I’m going to ask you to think about the reality of professional ethics in a challenging business environment and highlight an uncomfortable but real decision we will all as employers need to make at some point if we are acting ethically.
I’ve been a professional recruiter for 17 years, so I’ve dealt with a lot of companies over that time and I gotten to see how each company operates in a number of areas. How the leadership undertakes decisions at various points in the lifecycle of a business including recruiting, retaining staff, strategy & planning etc. Through this experience I have witnessed that professional ethics come into play at all the most critical times for a business even if we’re not consciously aware of it.
- Hiring and firing
- Employee development, e.g. promotion
- Winning new business
- Credit control in a tough financial landscape
- Strategy and planning.
At all these points there will be differing views and opinions on the right way forward for a business and therefore potential conflict which will be influenced by the ethics of the business. If we are interested in operating ethically and successfully, we must accept that ethical decisions come with this conflict.
For this article I want to focus on the recruitment and retention stage that all businesses go through and I want to start with an example of an approach to this that I heard recently from Sir Ranulph Fiennes.He has spent decades hiring people to take on challenging adventures in harsh and dangerous conditions so he knows selection is key. He talks about choosing people based on their key motivation: if they have a single key motivator they are more likely to succeed in their goals which should align with the mission they, and you, are on together.

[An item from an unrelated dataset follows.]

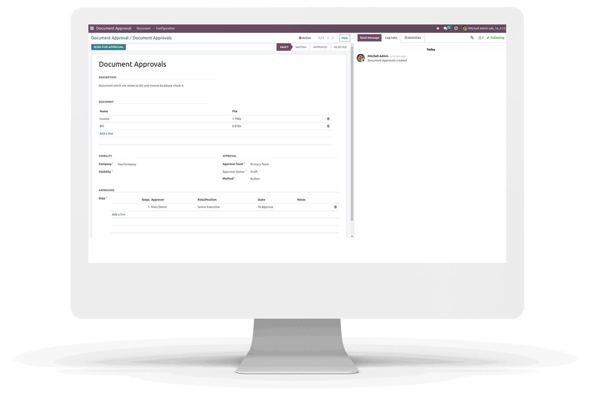 By clicking SENT FOR APPROVAL,approvals goes into waiting state
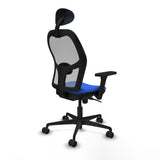 The office chair with headrest model 3D036N1 by Piqueras y Crespo is an ergonomic and functional solution designed for intensive use of up to 24 hours daily and a maximum capacity of 120 kilos, ideal for teleworking or demanding professional environments. This office chair stands out for its frame that includes a fixed headrest and a fixed backrest providing stability, along with an adjustable lumbar support that adapts to the natural curve of the spine, optimizing comfort during long workdays. It is equipped with 3D armrests, offering height and angle adjustment to customize forearm support and reduce muscle fatigue, complemented by a high-density injected foam seat (50 mm and 50 Kg/m3) that ensures a comfortable and durable seat. Its breathable blue mesh finish guarantees optimal ventilation, preventing heat and moisture buildup, while the 5-star nylon base with 65 mm silent wheels allows smooth movement on any surface, enhancing mobility without damaging floors. The synchro mechanism with five positions lets you adjust both the backrest and seat tilt, achieving an ergonomic posture adapted to different activities and personal preferences. Additionally, it features a smooth and stable height adjustment system, ranging from 48 to 61 cm seat height and a total height between 121 and 129 cm, ensuring proper alignment and comfort for users of various heights. This model complies with UNE-EN-1335 standards and holds BIFMA certification, guaranteeing its quality and safety as a professional office chair. Its modern, functional design and sober colors make it easy to integrate into workspaces, meeting rooms, and home offices, offering a balance between ergonomics, durability, and aesthetics. In summary, the Jorquera 3D036N1 chair by Piqueras y Crespo is a solid, adjustable, and breathable option for those needing a comfortable and sturdy solution for extended work environments.

This also works in a traditional business environment as people’s motivators should align with, support or compliment your businesses professional ethics. However, when a mistake is made in selection Sir Ran fires people immediately! For him having the right people in a team could be a literal matter of life or death on an arctic expedition across the ice hence the immediacy of his actions to protect the rest of the team. It is ethical to protect the team and the business by firing people that do not fit with your mission and your professional ethics.
The road to ethical hiring and firing
Organisations often come to reflect their leadership and the values of that leadership but a business is not an individual so the ethics of a business will be born from every employee and have wide reaching implications. Therefore to have an ethical business you will need to agree as a whole what your ethics are and then only recruit and retain those people that can demonstrate those values. Otherwise it’s time to take the Fiennes approach or to put it another popular way hire slow and fire fast.
This might not feel or sound very ethical. Does it feel right to be discussing firing people at the moment you’re trying to be more ethical as a business and as an employer? It makes it harder to commit to a set of guidelines or a charter when you start to think about this side of the equation because your guidelines must allow for this uncomfortable scenario. Our professional ethics mean we must accept that taking a stand means some people will disagree with what we stand for as a business.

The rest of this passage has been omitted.